Как бы не услыхав его вопроса, она учительно продолжала:
— Любовь в твоем возрасте — это еще не та любовь, которая… Это еще не любовь, нет!
Помолчав несколько секунд, она вздохнула.
— Я обвенчалась с отцом, когда мне было восемнадцать лет, и уже через два года поняла, что это — ошибка.
Она снова замолчала, сказав, видимо, не то, что хотелось, а Клим, растерянно ловя отдельные фразы, старался понять: чем возмущают его слова матери?
— Мое отношение к ее отцу… — слышал он, соображая, какими словами напомнить ей, что он уже взрослый человек. И вдруг сказал небрежно, нахмурясь:
— Я отношусь к Лиде дружески, и, естественно, меня несколько пугает ее история с Макаровым, человеком, конечно, не достойным ее. Быть может, я говорил с нею о нем несколько горячо, несдержанно. Я думаю, что это — все, а остальное — от воображения.
Говоря так, он был уверен, что не лжет, и находил, что говорит хорошо. Ему показалось, что нужно прибавить еще что-нибудь веское, он сказал:
— Ты знаешь: существует только человек, все же остальное — от его воображения. Это, кажется, Протагор…
Чуть прищурив глаза, мать отозвалась:
— Это не совсем так, но очень умно. Прекрасная память у тебя. И, конечно, ты прав: девушки всегда забегают несколько вперед, воображая неизбежное. Ты успокоил меня. Я и Тимофей так дорожим отношениями, которые создались и все крепнут между нами…
Клим наклонил голову, смущенный откровенным эгоизмом матери, поняв, что в эту минуту она только женщина, встревоженная опасением за свое счастье.
Он спросил:
— Мне кажется, ты стала добрее с Лидой?
— Мой взгляд ты знаешь, он не может измениться, — ответила мать, вставая и поцеловав его. — Спи!
Ушла, оставив за собой раздражающий запах крепких духов и легкую усмешку на губах сына.

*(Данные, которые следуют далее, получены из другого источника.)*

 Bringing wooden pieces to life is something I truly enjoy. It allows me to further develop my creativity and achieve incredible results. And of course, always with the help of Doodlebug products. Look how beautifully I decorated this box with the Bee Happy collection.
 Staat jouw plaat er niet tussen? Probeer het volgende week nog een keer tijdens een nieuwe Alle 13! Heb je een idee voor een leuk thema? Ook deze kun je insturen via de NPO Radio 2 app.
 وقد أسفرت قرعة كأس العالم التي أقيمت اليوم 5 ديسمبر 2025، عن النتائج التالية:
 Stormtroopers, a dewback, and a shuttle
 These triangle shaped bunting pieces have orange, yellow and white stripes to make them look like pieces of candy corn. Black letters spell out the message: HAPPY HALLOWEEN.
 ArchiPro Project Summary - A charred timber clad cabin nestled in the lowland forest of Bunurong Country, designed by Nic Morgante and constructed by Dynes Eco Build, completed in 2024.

Беседы с нею всегда утверждали Клима в самом себе, утверждали не столько словами, как ее непоколебимо уверенным тоном. Послушав ее, он находил, что все, в сущности, очень просто и можно жить легко, уютно. Мать живет только собою и — не плохо живет. Она ничего не выдумывает.
Разумеется, кое-что необходимо выдумывать, чтоб подсолить жизнь, когда она слишком пресна, подсластить, когда горька. Но — следует найти точную меру. И есть чувства, раздувать которые — опасно. Такова, конечно, любовь к женщине, раздутая до неудачных выстрелов из плохого револьвера. Известно, что любовь — инстинкт, так же как голод, но — кто же убивает себя от голода или жажды или потому, что у него нет брюк?

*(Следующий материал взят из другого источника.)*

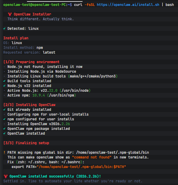 curl -fsSL https://openclaw.ai/install.sh | bashOpenClaw 会自动安装需要的依赖,一开始只要耐心等待即可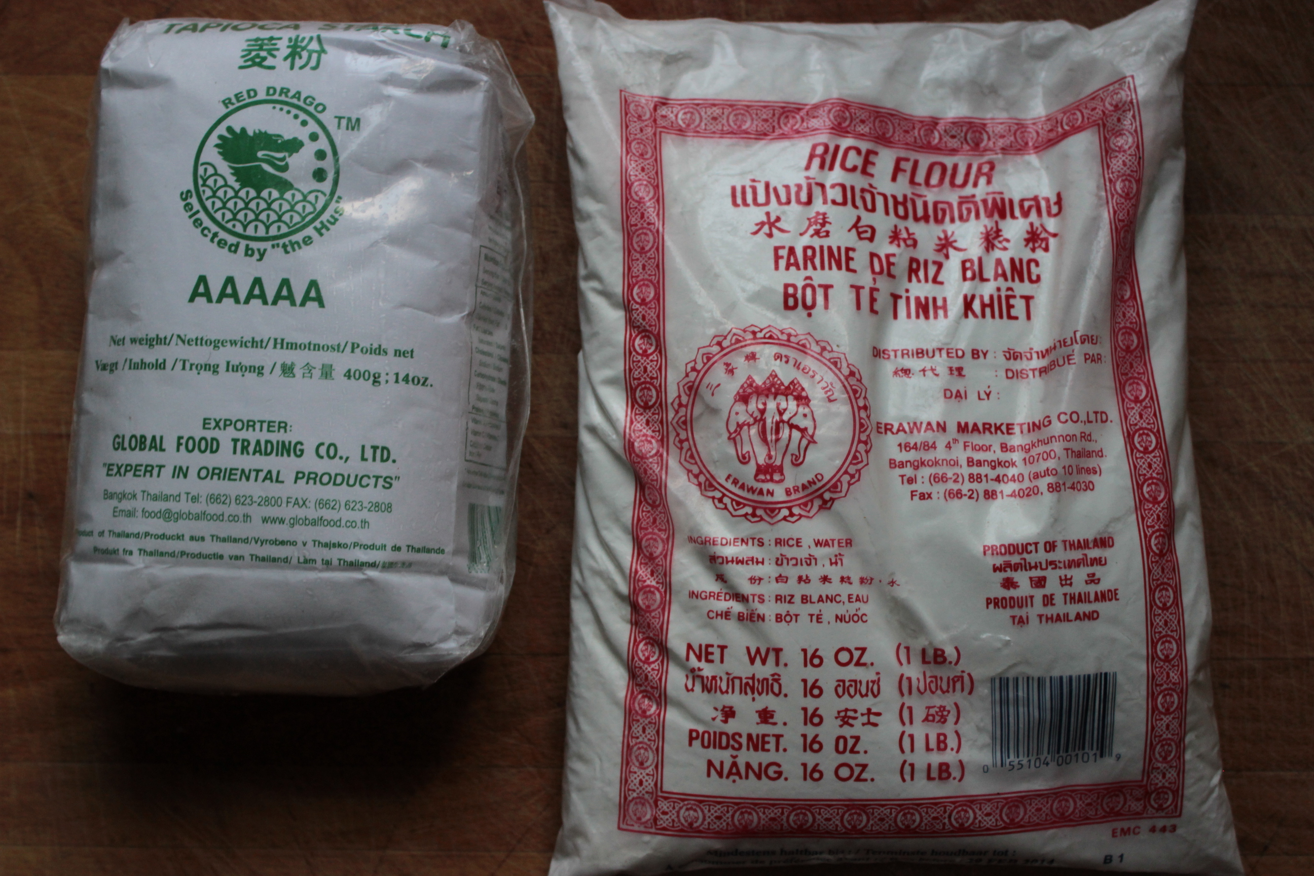 I took a screen shot of the 2 flours pictured to my local Asian market an bought the exact same flours. I appreciated the ease of no measuring as the tapioca flour comes in a 14 oz bag & the rice flour comes in a 16 oz bag. Dumped both bags right in the KA mixing bowl.

В минуты таких размышлений наедине с самим собою Клим чувствовал себя умнее, крепче и своеобразней всех людей, знакомых ему. И в нем постепенно зарождалось снисходительное отношение к ним, не чуждое улыбчивой иронии, которой он скрытно наслаждался. Уже и Варавка порою вызывал у него это новое чувство, хотя он и деловой человек, но все-таки чудаковатый болтун.
Клим получил наконец аттестат зрелости и собирался ехать в Петербург, когда на его пути снова встала Маргарита. Туманным вечером он шел к Томилину прощаться, и вдруг с крыльца неприглядного купеческого дома сошла на панель женщина, — он тотчас признал в ней Маргариту. Встреча не удивила его, он понял, что должен был встретить швейку, он ждал этой случайной встречи, но радость свою он, конечно, скрыл.

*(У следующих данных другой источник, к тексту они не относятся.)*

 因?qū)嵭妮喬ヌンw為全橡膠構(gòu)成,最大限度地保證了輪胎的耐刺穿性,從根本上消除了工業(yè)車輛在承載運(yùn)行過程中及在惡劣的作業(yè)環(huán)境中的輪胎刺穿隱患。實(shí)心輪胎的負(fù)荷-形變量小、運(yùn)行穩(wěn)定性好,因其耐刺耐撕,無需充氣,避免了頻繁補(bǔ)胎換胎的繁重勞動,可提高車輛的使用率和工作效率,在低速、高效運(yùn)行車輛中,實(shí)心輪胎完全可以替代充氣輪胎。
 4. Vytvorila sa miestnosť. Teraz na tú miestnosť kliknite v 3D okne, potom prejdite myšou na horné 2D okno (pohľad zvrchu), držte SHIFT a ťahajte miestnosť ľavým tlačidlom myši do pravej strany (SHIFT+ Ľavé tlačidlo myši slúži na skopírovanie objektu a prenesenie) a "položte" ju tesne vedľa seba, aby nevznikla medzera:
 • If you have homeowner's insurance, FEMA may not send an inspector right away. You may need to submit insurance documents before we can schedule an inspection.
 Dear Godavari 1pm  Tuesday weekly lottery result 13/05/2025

Осторожно перекинулись незначительными фразами. Маргарита напомнила ему, что он поступил с нею невежливо. Шли медленно, она смотрела на него искоса, надув губы, хмурясь; он старался говорить с нею добродушно, заглядывал в глаза ее ласково и соображал: как внушить ей, чтоб она пригласила его к себе?
Его тянуло к ней и желание еще раз испытать ее ласки и одна внезапно вспыхнувшая важная идея. Когда он сочувственно спросил ее о Дронове, она возразила:
— Ничего подобного, он вовсе не украл книжку. И спокойно, кратко поведала:
— Сам он стыдился копить деньги и складывал их в сберегательную кассу по моей книжке. А когда мы поссорились…
— Ну, из-за чего ссорятся мужчины с женщинами? Из-за мужчин, из-за женщин, конечно. Он стал просить у меня свои деньги, а я пошутила, не отдала. Тогда он стащил книжку, и мне пришлось заявить об этом мировому судье. Тут Ванька отдал мне книжку; вот и все.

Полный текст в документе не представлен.